(Invited) Evidence for Magnetic Effects on Electron Transfer

Tuesday, 30 May 2017: 14:50
Grand Salon D - Section 19 (Hilton New Orleans Riverside)
H. C. Lee (University of Iowa), W. L. Gellett (Proton on Site), S. D. Minteer (University of Utah), K. L. Knoche, N. Rathuwadu, and J. Leddy (University of Iowa)
Electron transfer events are commonly considered in light of the transfer of charge. But, electrons also have properties of spin. Here, various systems are evaluated for impact of spin on rates of electron transfer. Literature and experimental data are considered. Electron spins interact with magnetic fields. In our experimental studies, magnetic microparticles are introduced to the electrode surface.

From the literature, correlations between measured parameters and magnetic properties of electrodes and electroactive species are presented. This includes rate constants for heterogeneous and homogeneous electron transfer.

From laboratory studies with micromagnets held to the electrode with a Nafion coating, impacts on homogeneous and heterogeneous electron transfer are found.

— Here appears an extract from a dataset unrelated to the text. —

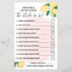 Lemons... como conhece a futura noiva? Jogo do chá de panela. Mude a redação para o design. Para personalização adicional (outro texto, cor da fonte, estilo da fonte ), clique em personalizar, role para baixo e clique no link "Editar usando a ferramenta Design". ** Verifique a coleção de todos os designs correspondentes ** HOW TO PLAY: Os convidados respondem às perguntas sobre a noiva, depois de preencher todas as suas respostas, a noiva responde a todas as perguntas e convidados que irão marcar as caixas certas que eles adivinharam corretamente e escrever o total de respostas corretas no final. A pessoa com as respostas mais corretas ganha.

  • For transition metal complexes such as M(bpy)₃z+ present at near contact in Nafion, electron hopping rates are measured as self exchange rates, k₁₁. When compared to simple Nafion films, rates of electron electron hopping are enhanced in the presence of magnets; effects scale with the number of spin (unpaired electrons) involved in the reaction. Temperature studies chart variation in the energy of activation (reorganization energy) and the pre-exponential factor.

  • For adsorbate reactions, magnetic effects are substantial for reactions such as CO oxidation and hydride formation on palladium. Rates are enhanced > 100 fold.

  • Hydrogen evolution reaction (HER) rates for poorly electrocatalytic electrodes are enhanced substantially on introduction of micromagnets.

Because transfer of electrons requires transfer of both charge and spin, electron transfer rates can be slowed when rates of spin transfer are slow. Facilitating rates of spin transfer as by introduction of micromagnets increases rates of electron transfer reactions.